Referring to FIG. 6, in the liquid crystal display according to the exemplary embodiment of the present invention, a plurality of data lines DL and a plurality of gate lines GL intersect each other, and a TFT for driving the liquid crystal cells Clc at an intersection thereof. Formed liquid crystal display panel 63, a gate driver 62 for supplying scan pulses to the gate lines GL, a data driver 61 for supplying data to the data lines DL, and data A timing controller for controlling the driver 61 and the gate driver 62 is provided.

The liquid crystal display panel 63 has a structure in which liquid crystal is injected between two bonded glass substrates, and the data lines DL and the gate lines GL formed on the lower glass substrate are perpendicular to each other. The TFT formed at the intersection of the data lines DL and the gate lines GL supplies the data voltage from the data line DL to the liquid crystal cell in response to a scan pulse from the gate line GL. For this purpose, the gate terminal of the TFT is connected to the gate line GL, and the source terminal is connected to the data line DL. The drain terminal of the TFT is connected to the pixel electrode of the liquid crystal cell Clc. In addition, a storage capacitor is formed on the lower glass substrate of the liquid crystal display panel 63 to maintain a voltage charged in the liquid crystal cell Clc.
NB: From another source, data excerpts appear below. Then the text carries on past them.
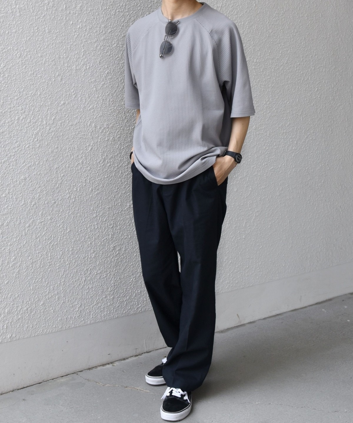 ややゆったりとしたシルエットがこなれた雰囲気を演出します。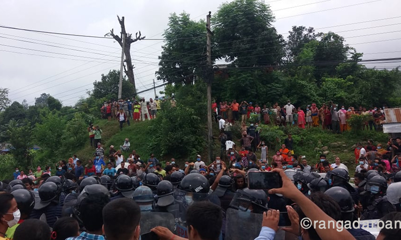 प्रहरीले शवलाई अस्पताल लैजादै गर्दा आफन्त र स्थानीयवासीले नाराबाजी गर्दै राजमार्ग अवरुद्ध गरेका हुन । स्थानीयवासीले ट्रक बाटोमा तेर्साएर सडक अवरुद्ध गरेको छन् भने प्रहरीविरुद्द नाराबाजी गरेका छन्।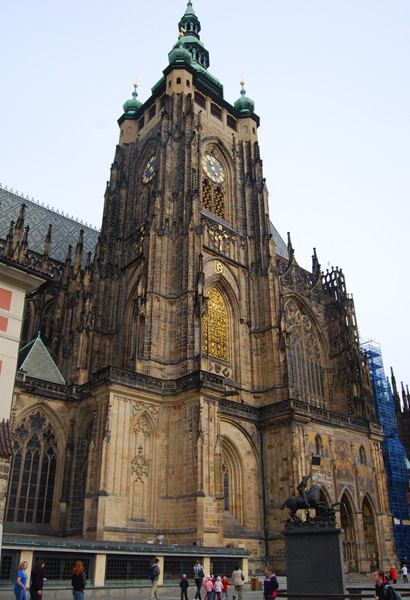 圣维特大教堂,位于布拉格城堡内,非常宏伟,颇有气魄,灰黑色的哥特式建筑高耸入云。教堂经过3次扩建,于1929年正式完工。布拉格王室的加冤仪式在此举行,以往王室的遗体也安葬于此,这里还保存着国王的王冠和加冕用的权杖等。

The gate driver 62 includes a shift register for sequentially generating scan pulses in response to a control signal from a timing controller, a level shifter for shifting the swing width of the scan pulses to a level suitable for driving the liquid crystal cell Clc; It consists of an output buffer. The gate driver 62 turns on the TFTs connected to the gate line GL by supplying a scan pulse to the gate line GL, thereby supplying a data voltage, that is, an analog gamma compensation voltage 1. The liquid crystal cells Clc of the horizontal line are selected. The data voltages generated from the data driver 61 are supplied to the liquid crystal cell Clc of the horizontal line selected by the scan pulse. The gate driver 62 is implemented with a plurality of gate ICs having a predetermined number of channels.

The data driver 61 supplies data to the data lines DL in response to a control signal from the timing controller. The data driver 61 samples the digital data from the timing controller, latches the data, and converts the latched data into an analog gamma voltage to supply the data lines DL. The data driver 61 is implemented with a plurality of data ICs having a predetermined number of channels. The data ICs include a register 71, a latch 72, a DAC 73, an output buffer 74, and a switching circuit 75. ), A comparator 76 and a multiplexer (hereinafter referred to as "MUX") 77, respectively.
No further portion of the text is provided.